A. Origines historiques

1) Les séparatistes de

Avec l’incorporation de Cuba au marché international capitaliste, incorporation liée à l’industrialisation des secteurs exportateurs de l’économie insulaire, des modifications essentielles s’opérèrent dans la société. La plus fondamentale de toutes fut le déclin de la société esclavagiste, amorcé depuis les années quarante, qui s’accéléra alors. Cela créa les conditions susceptibles de générer des conditions sociales et politiques propices à la rupture. En ce sens, l’articulation des discours indépendantiste et abolitionniste se révèle un facteur idéologique central.

L’augmentation de la production sucrière et son traitement pour le marché extérieur impliquaient une restructuration du monde agricole. Une de ses conséquence serait la scission de la bourgeoisie du sucre en deux groupes désolidarisés.

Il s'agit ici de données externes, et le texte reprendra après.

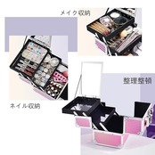 【機能美・大容量】鏡と鍵付きで、ドレッサーより機能性、収納抜群のメイクボックスです。粧水・乳液・下地・ファンデ・アイシャドウ類の他筆数本・ブラシ、ネイル用品など、増えていくコスメをきれいに使いやすく収納できます。2、3日泊用のメイク道具は収納余裕があるので、旅行と出張時の化粧品収納ボックスとしても大活躍!
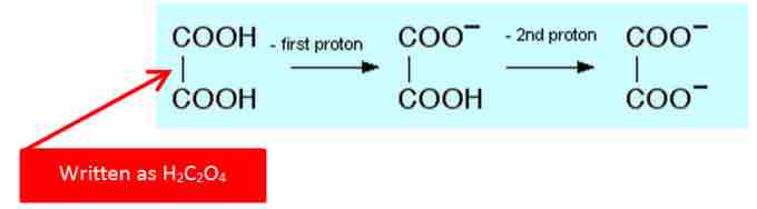 This image shows how Oxalic Acid will lose two protons in successive dissociations.
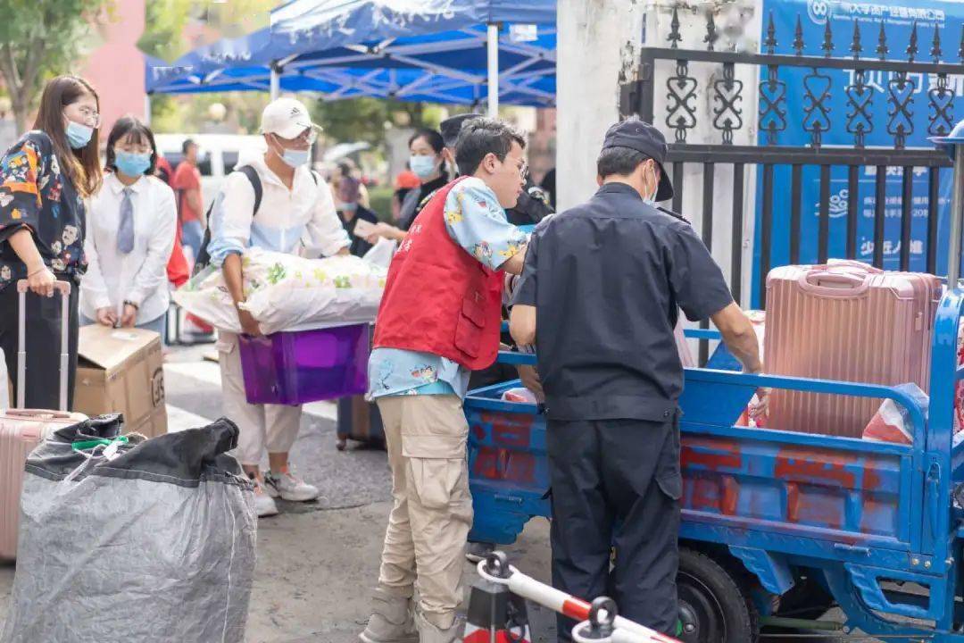 校园内,温情而充满创意的迎新标语随处可见,接驳车穿梭在校园为新生运送行李,“易班”等平台为新生提供温馨的在线咨询服务,学生志愿者们热情地引导新生领取物品、入住公寓,场面十分温馨。
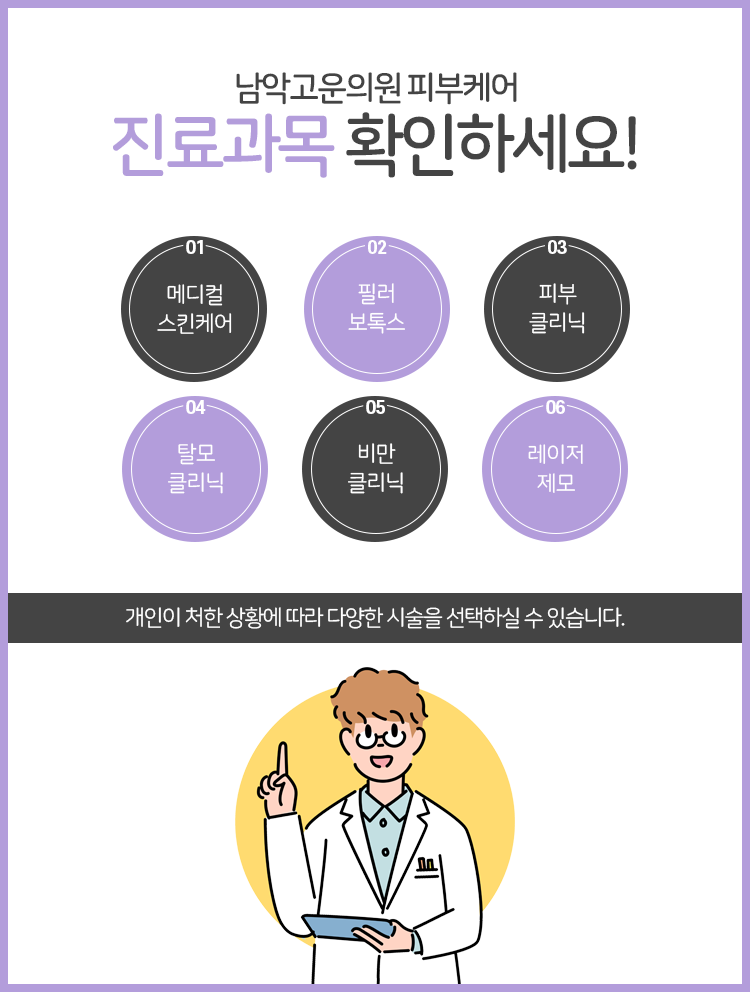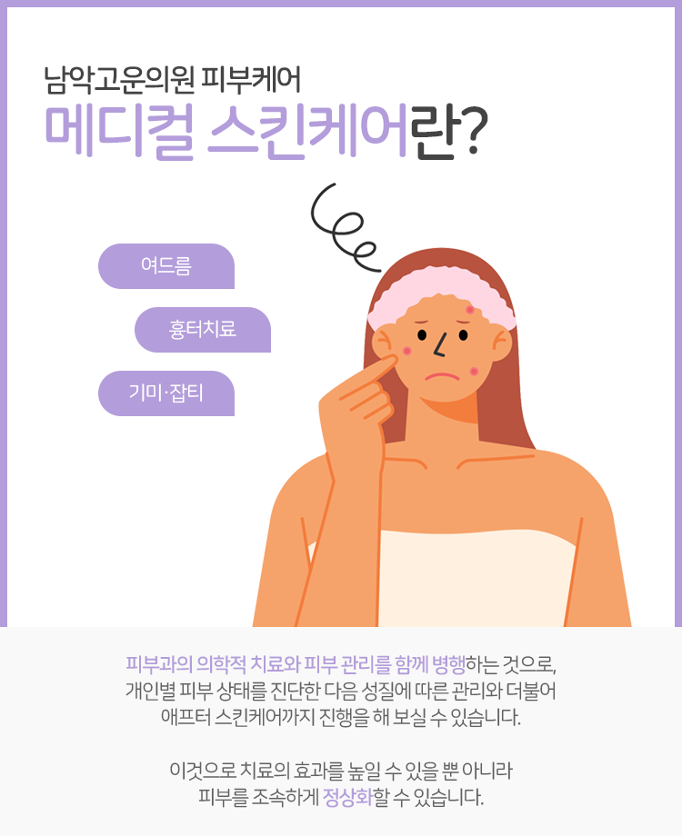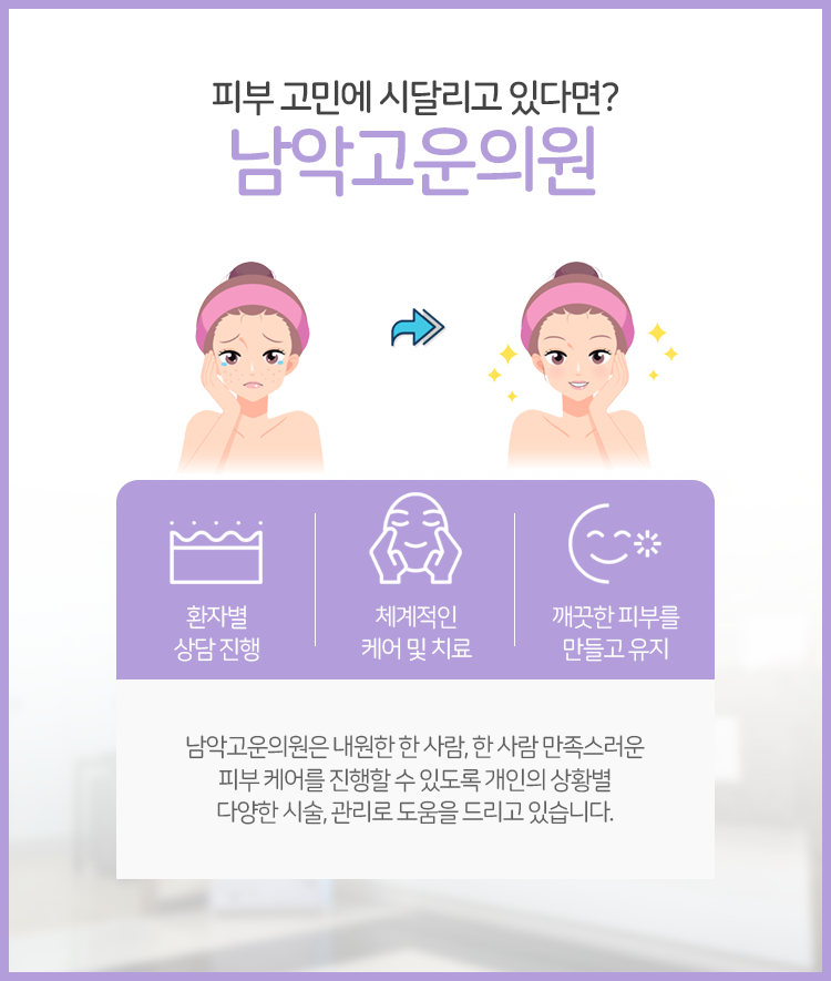 맑고 건강한 피부를 원하는 마음은 결코 과도한 욕심이라 할 수 없습니다. 사람의 외모와 전체적인 분위기를 결정하는 데 피부가 차지하는 비중은 상당히 크기 때문입니다. 그런 만큼 피부와 관련된 고민이 있으시다면 적극적인 관리에 나서시길 권유드리고 싶습니다. 다만 이때의 관리는 개인적인 차원에서 그치는 게 오히려 아쉬움을 자아낼 수 있습니다.
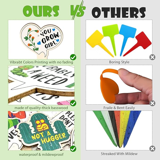 • 🌿Sturdy & Durable: The plant labels for outdoor garden waterproof are made of high-quality wood, which is sturdy and durable, with high-quality printing, not easy to fade, and can stand the test of time. The T-shaped garden marker design, the garden labels bottom is pointed, you can easily insert it into the flower pot. Compared with plastic plant stakes, it is more environmentally friendly, does not contain harmful substances, will not pollute the soil and harm plants.
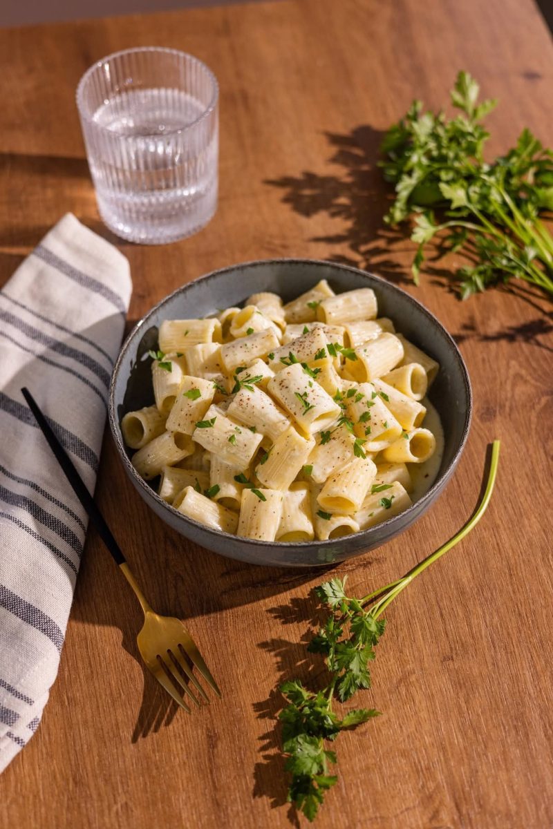 – 1/4 xícara de água quente reservada do cozimento do macarrão
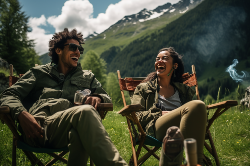 A group of gen - z students in french language chatting, sitting in a chair, in french alps countryside, laughing, having fun, fashionable, tourism chic, in the style of studyplace, national geographic photo, --ar 3:2
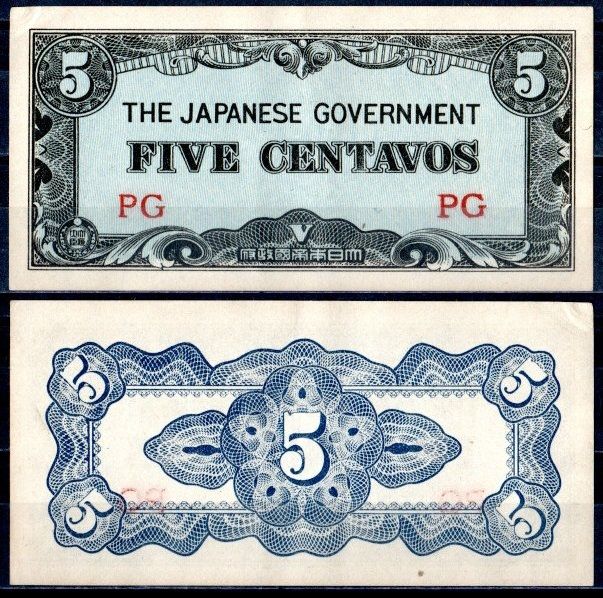 Филиппины 5 сентаво ND (1942) Японская оккупация, серия PG Pick 103 a бумага UNC (пресс) 446-94-3
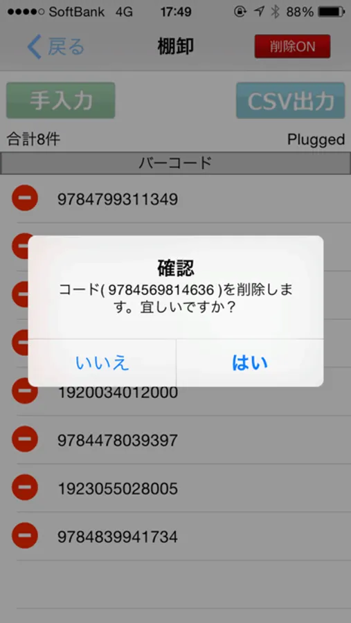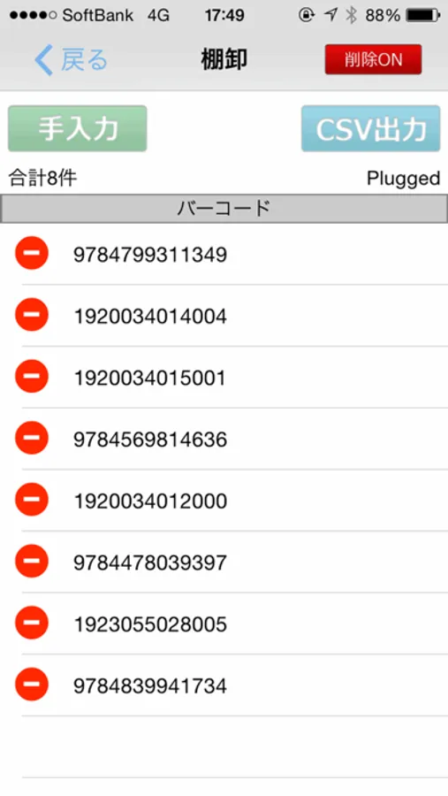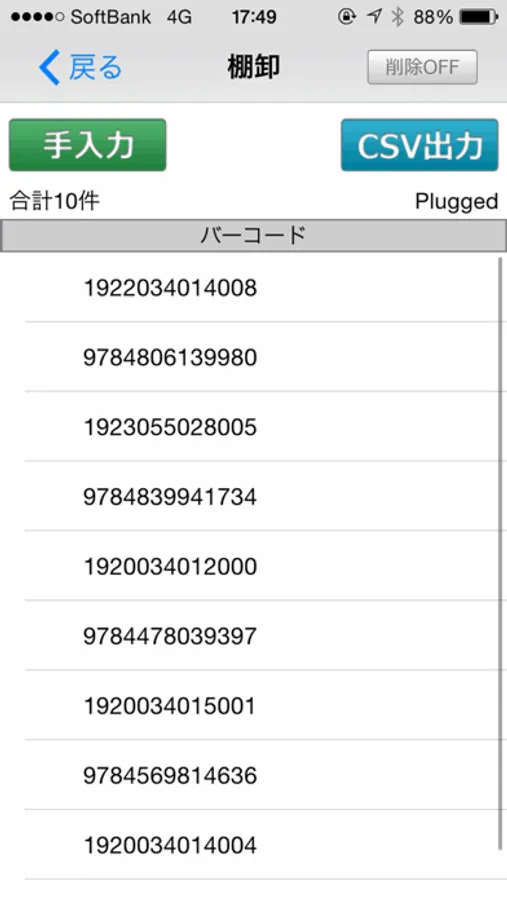 6. 全てのバーコードスキャンが終了したらCSV出力ボタンをタップします。端末内にスキャンされたバーコードデータをCSVファイルとして出力しTOP画面に戻ります。

Certains planteurs eurent les capacités et les moyens de l’opérer. Cette bourgeoisie agricole et industrielle réunit bientôt un capital énorme. Essentiellement installée dans la région occidentale, elle concentra la main d’œuvre esclave dans les sucreries. Liée à la grande bourgeoisie commerçante qui avait investi dans ce secteur, elle seule put continuer à supporter le coût de l’esclavage et assumer les dépenses supplémentaires et les risques consécutifs au recours à la traite illégale. Ces deux groupes soutenaient le maintien du système esclavagiste.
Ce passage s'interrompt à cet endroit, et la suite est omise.